What’s remarkable is the dependency footprint. The package.json lists only Express. Everything else—HTTP client, JSON parsing, file I/O, even the Discord and Telegram bot logic—uses built-in Node.js capabilities. This minimalism isn’t just aesthetic; it reduces supply chain risk, simplifies auditing, and ensures the system remains stable as the JavaScript ecosystem churns through breaking changes.
Gotcha
The 15-minute polling interval is both a feature and a limitation. For monitoring slow-moving geopolitical trends or economic shifts, it’s perfectly adequate. But if you’re tracking a rapidly developing crisis—a military escalation, a breaking pandemic event, or a flash crash—those 15 minutes feel eternal. You can trigger manual sweeps via bot commands or the web UI, but there’s no built-in logic for adaptive polling that increases frequency when anomalies are detected. Building that would require more sophisticated state management than the current file-based cache provides.

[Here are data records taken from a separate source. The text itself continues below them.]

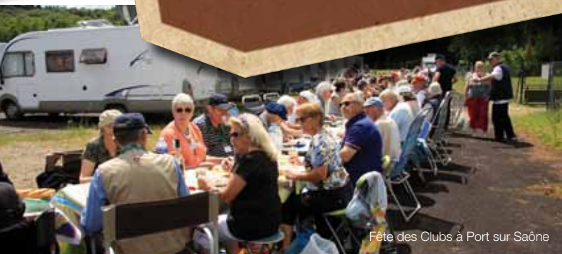
Fête des Clubs à Port sur Saône

Vadrouille en camping-car # septembre 2014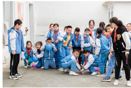
（湖州名师展示课《用气球驱动小车》小朋友们非常开心地参与其中）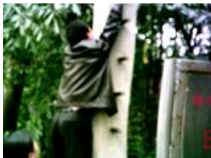
瞧！我能爬得有多高！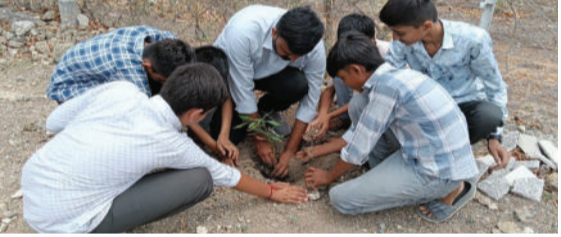
પહોંચાડતા પ્લાસ્ટિકનો ઉપયોગ અટકાવી 'વાસ્ટિક મુક્ત ગુજરાત' બનાવવા માટે સૌને સંકલ્પબધ થવા અનુરોધ કર્યો હતો. વડાપ્રધાન નરેન્દ્ર મોદીની અપીલ મુજબ 'એક પેડ મા કે નામ' પ્રકલ્પ અંતર્ગત દરેક બાળક પોતાની માતાના નામે એક વૃક્ષ વાવે અને તેનો ઉછેર કરે

જ યોજાયેલા આ કાર્યક્રમ દ્વારા બાળકોમાં પર્યાવરણ સંવર્ધન પ્રત્યે જાગૃતિ લાવવાનો પ્રશંસનીય પ્રયાસ કરાયો હતો. આ પ્રસંગે આચાર્યએ ગ્લોબલ વૉર્મિંગની ગંભીર સ્થિતિ અને તેના નિવારણના ઉપાયો વિશે વિસ્તૃત ચર્ચા કરી હતી. તેમણે જણાવ્યું કે ગ્લોબલ વૉર્મિંગને ડામવાનો સૌથી ઉત્તમ ઉપાય વધુમાં વધુ વૃક્ષો વાવવાનો છે. આ સાથે જ પર્યાવરણને નુકસાન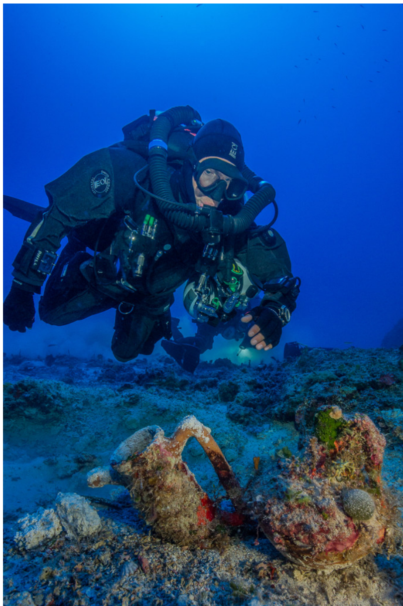
Παρατήρηση αγγείων από μέλος της ερευνητικής ομάδας

Η ανίχνευση μετάλλων προσδιόρισε την έκταση της διασποράς ανιχνεύσιμων μεταλλικών στόχων σε μία έκταση περίπου 40 X 50μ., αν και δεν έχει ολοκληρωθεί πλήρως. Η έκταση αυτή φαίνεται να προσδιορίζει και τη συνολική πιθανή διασπορά του φορτίου του ναυαγίου και αποτελεί ένδειξη για το πιθανό μέγεθός του.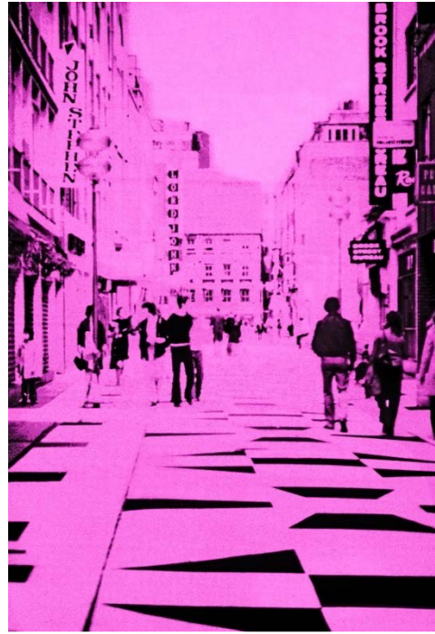
Romeo Vendrame Dedicated Followers II / Pigment Print, Acrylic Glasses / 60×40×0.9cm / 2019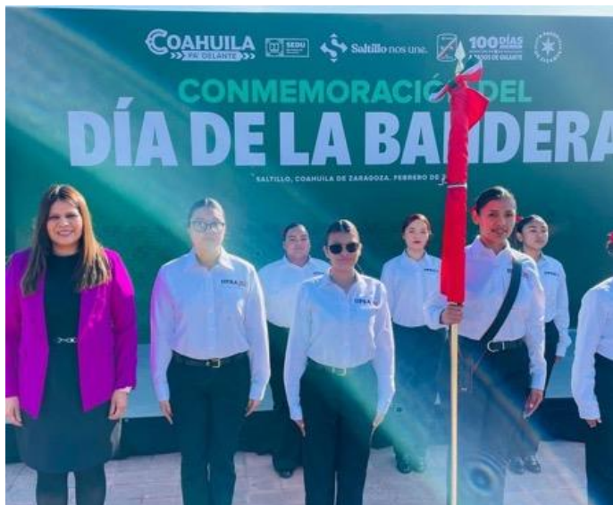
24 de febrero Participación de la UPRA en Conmemoración del Día de la Bandera

API key management is entirely manual. Crucix includes a configuration file (config.example.json) with placeholders for 27 different API credentials, but acquiring those keys is your responsibility. Some sources like Yahoo Finance work without authentication, but most require signing up for developer accounts, navigating documentation, and managing rate limits. The repository doesn’t include scrapers or unofficial access methods—it’s strictly above-board API usage. This is ethical and legally sound, but it means significant setup time before you see meaningful data. There’s no graceful onboarding flow; you either configure everything upfront or get incomplete results.
Verdict
Use Crucix if you’re building situational awareness infrastructure that must run on-premise, need to correlate intelligence across multiple domains (geopolitical, environmental, economic, social), or want a privacy-first alternative to commercial OSINT platforms with subscription fees and data-sharing clauses. It’s ideal for investigative journalists tracking conflict zones, independent researchers studying climate patterns, or security teams in regulated industries where cloud services aren’t permitted. The minimal dependencies and AGPL license make it particularly suited for academic environments or organizations that require reproducible, auditable intelligence workflows. Skip it if you need sub-minute alerting latency for time-critical scenarios, lack the technical background to configure 27 different APIs and debug Node.js applications, or prefer turn-key SaaS solutions with customer support and guaranteed uptime. It’s also not the right choice if you need collaborative features like shared annotations, team-based access controls, or audit logging—Crucix is fundamentally a single-user tool, though you can expose the SSE stream to multiple clients.